Open core licensing, also known as commercial extensions, is a licensing regime that offers core components for free, but charges licensees for additional premium products. The approach is a twist on the dual licensing approach where the vendor, as copyright holder, makes the source code freely available, but also offers the same code under a commercial license for consumers who want to avoid open source licenses. Recently, companies such as Jaspersoft have had great commercial success using open core licensing, offering software for free, while selling software guides, documentation packs, training services and customer support. This post outlines arguments for and against open core licensing and discusses the concept as a more general business model.
Proponents of open core licensing argue that the model is viable in the long term due to the advantages it provides to consumers. They argue that customers obtain the added security of the open source license – if the vendor goes bankrupt, the customer will have the benefit of having access to the source code. While the consumer may not be able to put the source code to use directly, there will likely be many other consumers in the same situation who can. Thus, the real security lies in the fact that the open source nature of the software is likely to produce a community of developers that can offer support in the event the vendor cannot.
In addition, proponents of open core licensing argue that it provides vendors with an effective way to monetize large open source communities by charging for extra features, product guides and training services. It is argued that if the extra features are useful, and provided at a reasonable price, customers will pay for them.

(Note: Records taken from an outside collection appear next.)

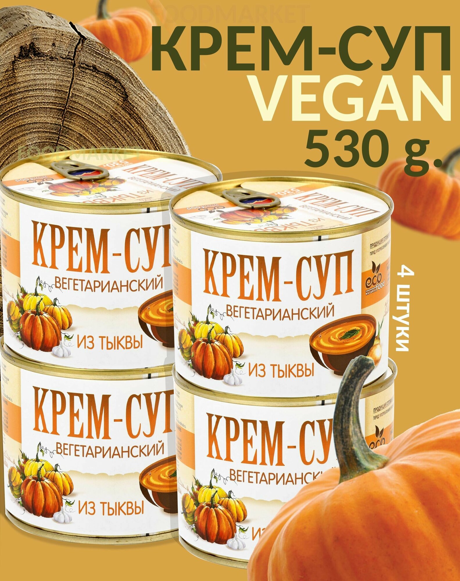 Крем-суп вегетарианский из тыквы, 530г х 4шт ECOFOOD (Аремния)
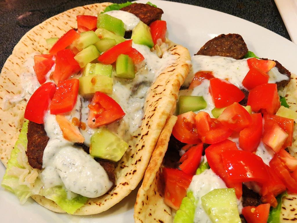 Телешки кюфтета и картофки на фурна, придружени от зелена салата + краставици.
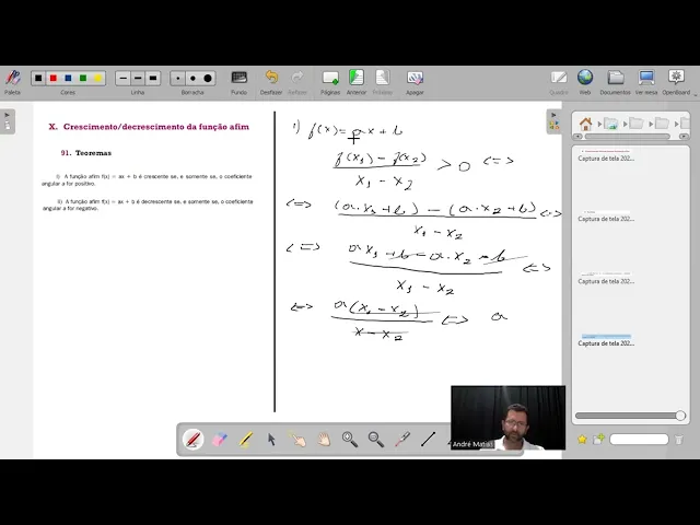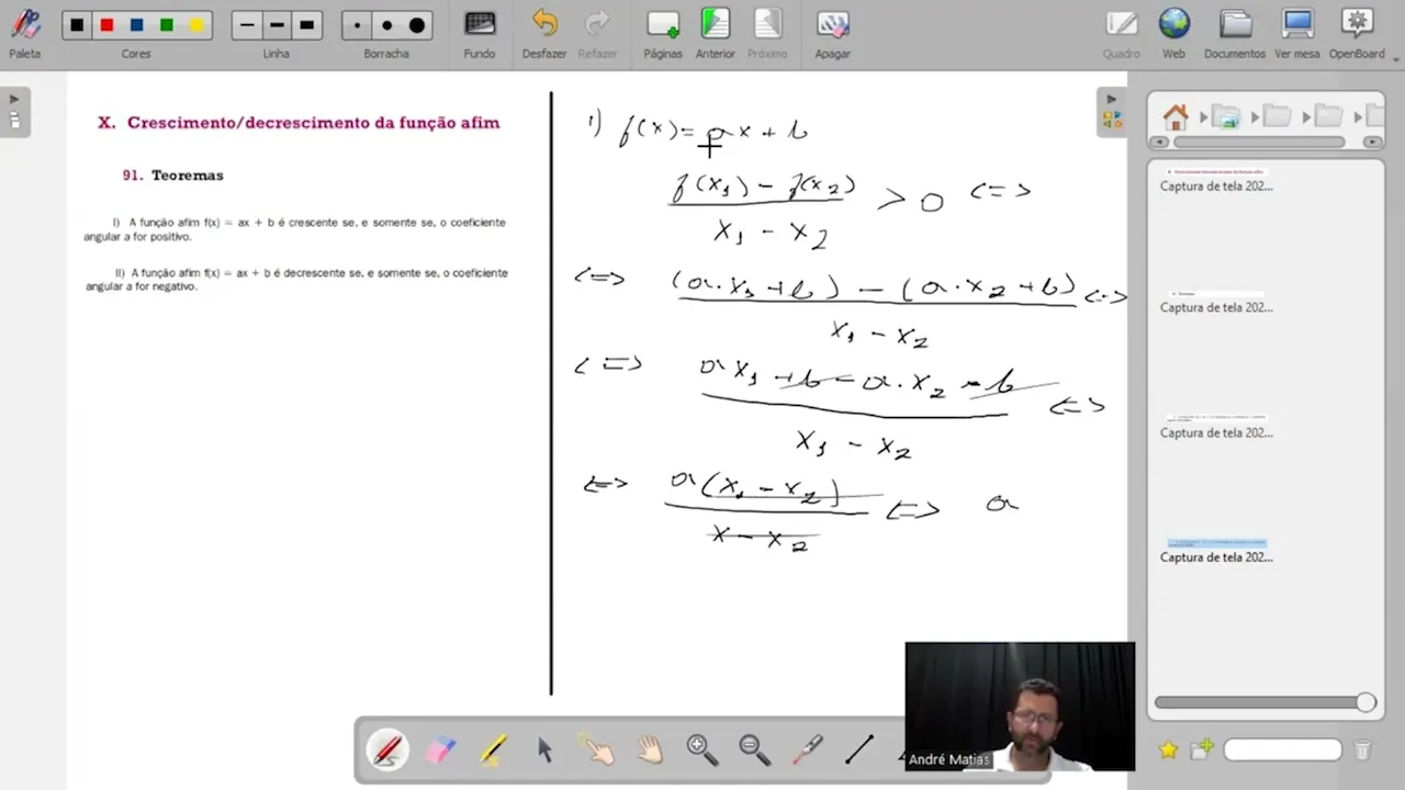 [Música] Olá pessoal nesse vídeo de hoje vamos falar sobre crescimento e decrescimento de uma função Aim e para falar sobre crescimento e decrescimento vamos falar sobre dois teoremas primeiro teorema a função afim Ax + B é crescente Se e somente se o coeficiente angular for positivo e o segundo teorema é a função Aim fx = X + B é decrescente se somente se o coeficiente angular for negativo Então vamos lá vamos para demonstração o teorema um F Dex é igual a ax + B ela é crescente se somente se fx1 - fx2 dividido por X1
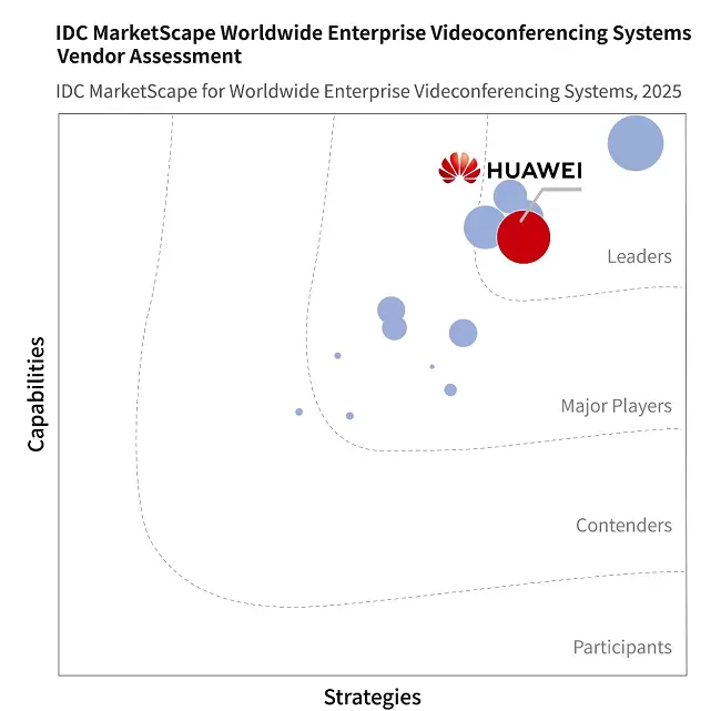 近期,国际数据公司(IDC)发布了《IDC MarketScape:全球企业视频会议系统2025供应商评估报告》。在对13家主流厂商的策略执行、硬件软件能力、服务体系及市场影响力进行全面评估后,华为成功位列领导者。

However, opponents argue that open core licensing is merely a fad. First, they argue that the open source community will not accept products released under the open core licensing regime. Members of the open source community may become upset because they believe that commercial companies are branding their commercial products as open source for marketing purposes. At the same time, other opponents argue that the success of software released with open core licenses will not last. They believe that pure open source software will eventually catch up, and consumers will have the option of obtaining the commercially offered extra features free of charge from the open source community, eliminating any incentive to obtain the extra features from the vendor.
Interestingly, the concept behind open core licensing has been applied in industries other than software. In the music industry, the band Radiohead made headlines when it released its 2007 album, In Rainbows, for free. However, at the same time, the band provided consumers with the option to buy a special limited edition package of the album with bonus tracks, artwork and other special features. Another prominent artist, Trent Reznor, believes that by using Radiohead’s strategy, artists can still earn a profit in an industry that has suffered losses in revenue and is dominated by online piracy; Reznor writes:
“[W]hat you NEED to do is this–give your music away as high-quality DRM-free MP3s. Collect people’s e-mail info in exchange (which means having the infrastructure to do so) and start building your database of potential customers. Then, offer a variety of premium packages for sale and make them limited editions/scarce goods. Base the price and amount available on what you think you can sell. Make the packages special–make them by hand, sign them, make them unique, make them something YOU would want to have as a fan. Make a premium download available that includes high-resolution versions (for sale at a reasonable price) and include the download as something immediately available with any physical purchase. Sell T-shirts. Sell buttons, posters…whatever.”
If Reznor is correct, other industries may also want to heed his advice.